Are you looking for a stocking stuffer for yourself this season? There is a new book called Object-Oriented Program Design With Examples in C++, by Mark Mullins. The book is more about object-oriented programming and design than about C++, but it uses C++ for examples and is an indispensable addition to your library if you are trying to figure out OOP and C++.

Mullin takes a unique approach to these subjects. Instead of presenting just another enhancement to the AT&T C++ reference documents and Stroustrup's book, he teaches the basics of object-oriented design and uses C++ to demonstrate the lessons. Follow this book from beginning to end, and you will have a manageable grasp on object-oriented design and programming by the time you're done.

Mullin's book also teaches valuable lessons about the general approach a programmer uses in the design of software systems, object oriented or not, and he does it with a writing style that informs and often entertains the reader. Every now and then he slips in a dry joke that goes by almost unnoticed.

To show you how to design an object-oriented system, Mullin undertakes the development of an integrated information management system for a fictional company. This is the first extensive treatment of OOP I've seen that uses real, believable examples of things that a programmer might encounter in the real world. Most writers build contrived analogies that attempt to relate abstract examples of toasters, fruit, or other silly non-automata to the mysterious things that the object-oriented paradigm calls objects. Mullin uses inventory, sales and personnel database records to demonstrate the development of a class hierarchy to support his hypothetical design. These are things we can all associate with.

Perhaps you've never worked on an inventory system, but you can readily see what one might need to do. If there is a warehouse full of stuff and you need to locate specific items, fill orders for items, and replace what you sell, then you need an inventory system. I've worked on several. The smallest was for a video tape store; the largest was for spare parts for the Space Shuttle. Their respective functional requirements were similar. The inventory management folks call it "material requirements planning." George Carlin calls it "keeping track of your stuff." Mullin takes this mundane application, one that everyone will recognize, and designs an object-oriented software system to support it.

Mullin traces the design in the manner in which it might actually occur. The false starts, the refinement of requirements, the incremental development of an object-oriented data model, he presents them all in the sequence in which you would encounter them during a real-design project. As he proceeds, Mullin tells you how you should be thinking about the objects and their place in the class hierarchy.
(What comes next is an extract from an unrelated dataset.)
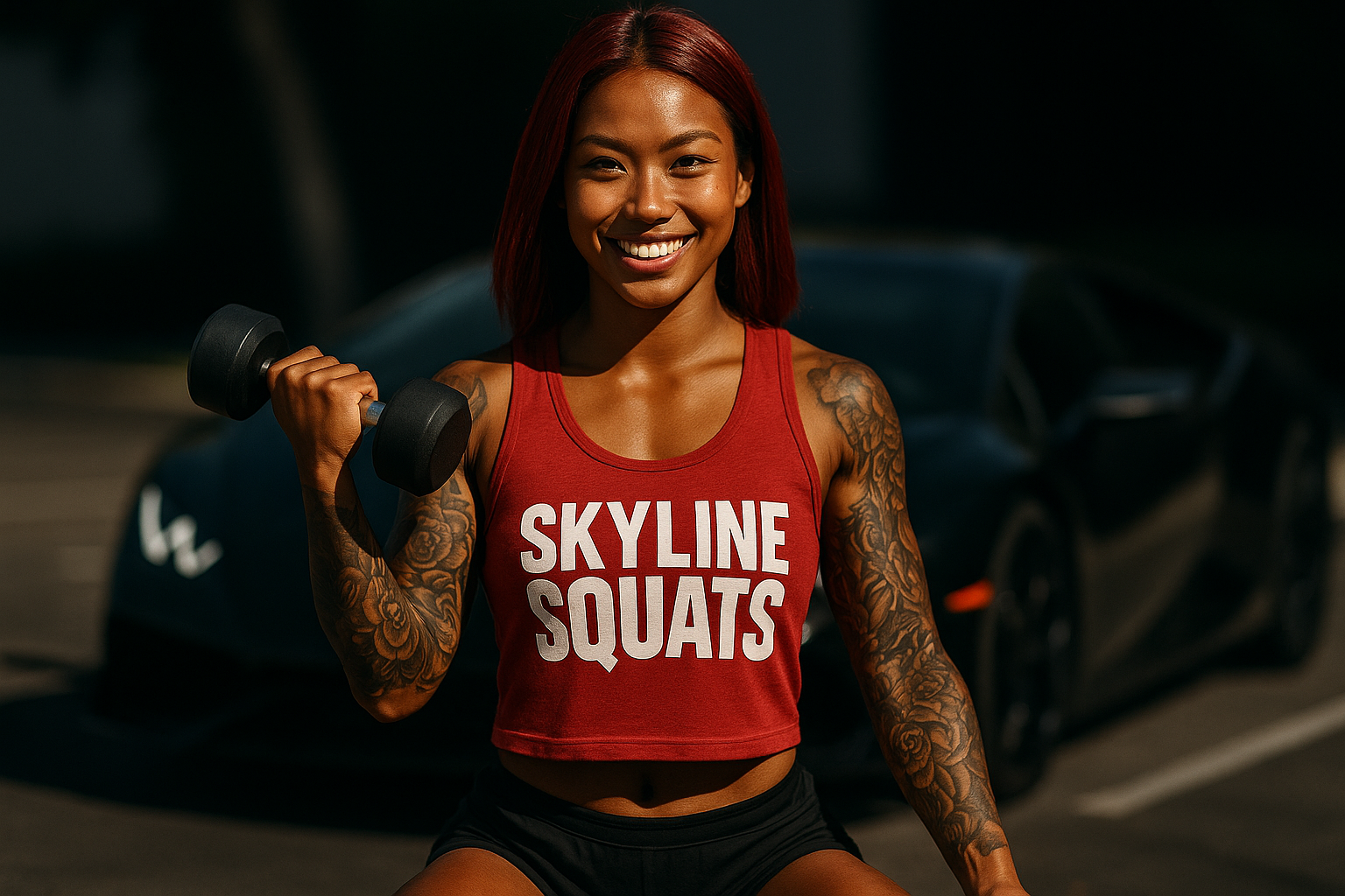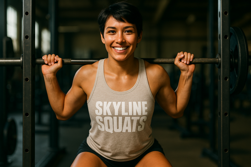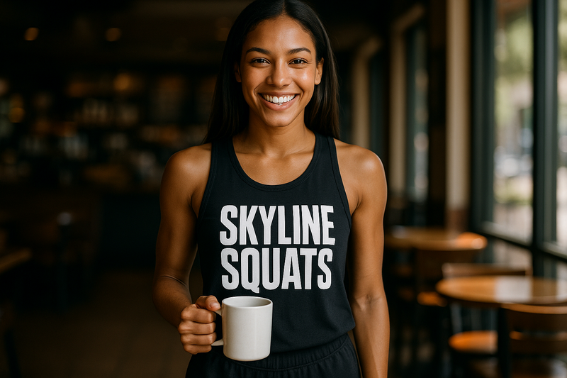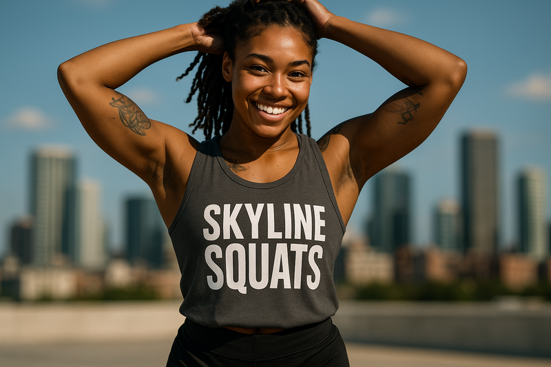 Add the Skyline Squats Men’s Tank Top to your workout wardrobe and represent Dumbbells and Hotels in style. Shop now and squat your way to success

Mullin's design sometimes tends to build his data base by using views that seem -- at least to me -- to be unnatural. Object-oriented design involves building base classes and derived classes in a class hierarchy. Because every entity in his data base has a name and address, Mullin starts out with a new class named "Entity" that contains name and address members. Then he derives everything else from that class. This is not the natural view of things. We are not necessarily always subordinate to our common denominators. Because we all have addresses does not mean that we are subordinate to those addresses. I think we are seeing the tendency of the object-oriented paradigm to bend our perspective in inappropriate directions. The solution to a problem should resemble the problem, and names and addresses are components of their owners, not the other way around. I would have created the Entity class with its name and address members and then included an instance of that class in each of the classes that require it. The functional result would be the same but we would not be forced to perceive our data base from an illogical perspective just to adhere to hierarchical dogma. But then, I do not know enough about object-oriented design to write a book. Not yet, at least.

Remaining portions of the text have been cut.